No. Semble runs entirely on CPU using locally computed Model2Vec embeddings. No data leaves your machine, and there is no external API dependency. For creators working with proprietary pipelines or client code, the local-only design is a meaningful privacy guarantee.
How does Semble compare to GitHub Copilot code search?
Copilot code intelligence is cloud-based and tied to GitHub. Semble is local, open-source, and model-agnostic -- it connects to any agent via MCP or Python API. It is also significantly more token-efficient because it returns only the relevant snippet rather than broad file context.
Can I use Semble with agents other than Claude Code?
Yes. Semble exposes a Python API and CLI that any agent can call. The MCP integration is a convenience layer for Claude Code specifically. Any agent that supports tool calling or can invoke shell commands can use Semble for code search.
How long does indexing take on a large codebase?

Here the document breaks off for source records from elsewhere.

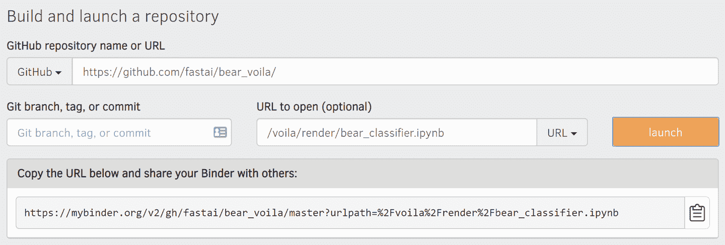 将该存储库的 URL 粘贴到 Binder 的 URL 字段中,如图 2-4 所示。
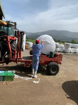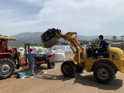 3年生の動物コース畜産専攻は神殿原(こうどんばる)農場で実習を行っています。今日は、牛の餌作りです。刈り取った牧草ロールを、専用のビニールで巻いていきます。こうすると牧草が発酵しておいしい餌になるのです。さすが3年生、実践的な授業です!
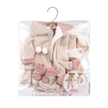 Elegante set 5 pezzi per bambola da 42 cm con tutto il necessario per cambi d'abito perfetti. Include un morbido cardigan lavorato a maglia con cappuccio, una tutina/vestitino a fiori, calzini e guantini, una scalda-collo peloso con pon pon e elastici per i capelli. Finiture di qualità, prodotto in Spagna, ideale per il gioco creativo e lo sviluppo della motricità fine.
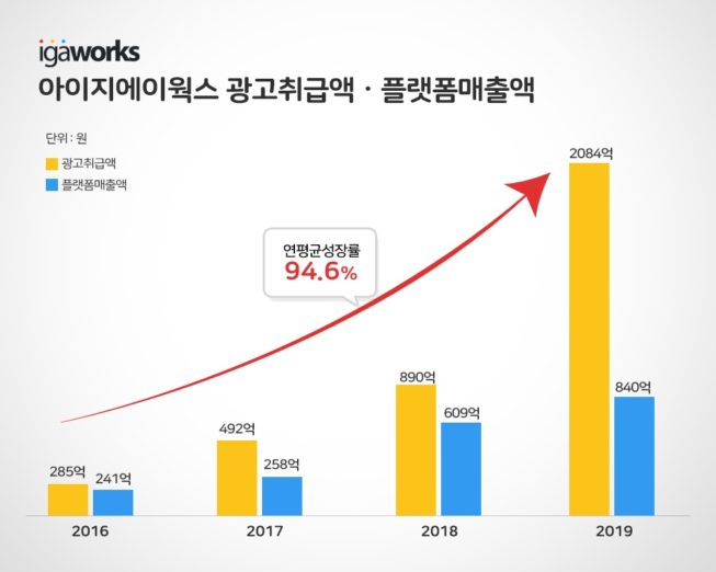 이와더불어 아이지에이웍스는 큰 폭으로 성장한 2019년도 실적도 발표했다. 아이지에이웍스의 2019년 연간 광고취급액은 전년 대비 2.34배 증가한 2,084억 원으로 2016년이후 94.6%의 연평균 성장률(CAGR)을 기록했으며 플랫폼매출액 역시 840억 원으로 증가했다. 아이지에이웍스는 코로나19로 인한 전반적인 경기침체 속에서도 1분기 월 광고취급액이 역대 최고인 280억 원을 넘기는 등 2020년 총 광고취급액 3,000억원 규모를 무난하게 달성할 것으로 예상된다.
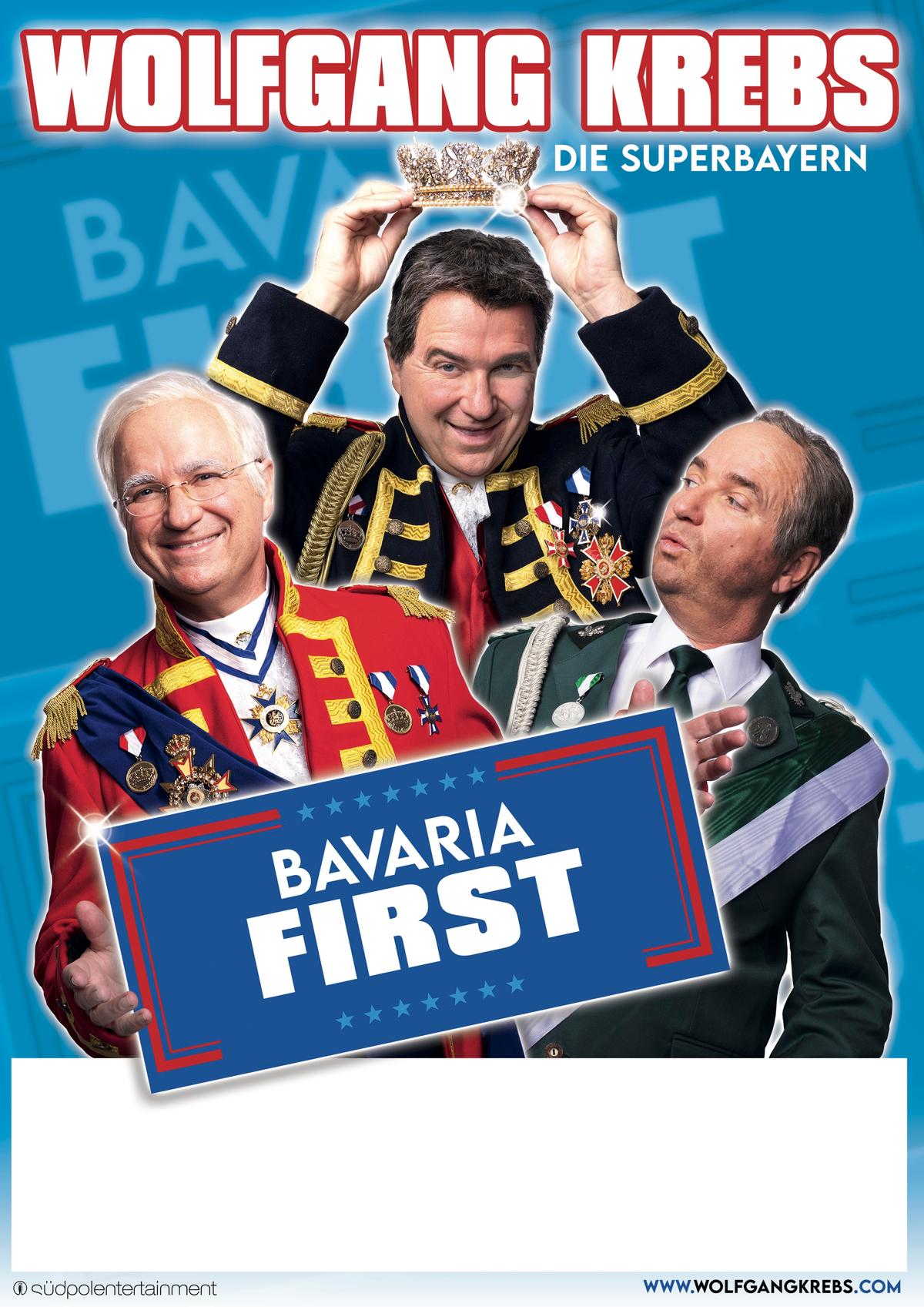 Bayern liebt DICH! Ist ein aktuelles bayerisches Kabarettsolo mit Botschaften und Botschaftern rund um den Medienzirkus von und mit Wolfgang Krebs, der wie immer ganz alleine auf der Bühne steht, und zwar in ganz vielen verschiedenen Rollen.

MinishLab reports 263 milliseconds for typical repositories. Exact time scales with repository size, but the hybrid approach is 218 times faster than purely neural alternatives. Even for larger codebases, indexing completes before the first agent response in most sessions.
What is the license?
MIT. Semble is free for personal and commercial use with attribution. The model weights and all dependencies are permissively licensed.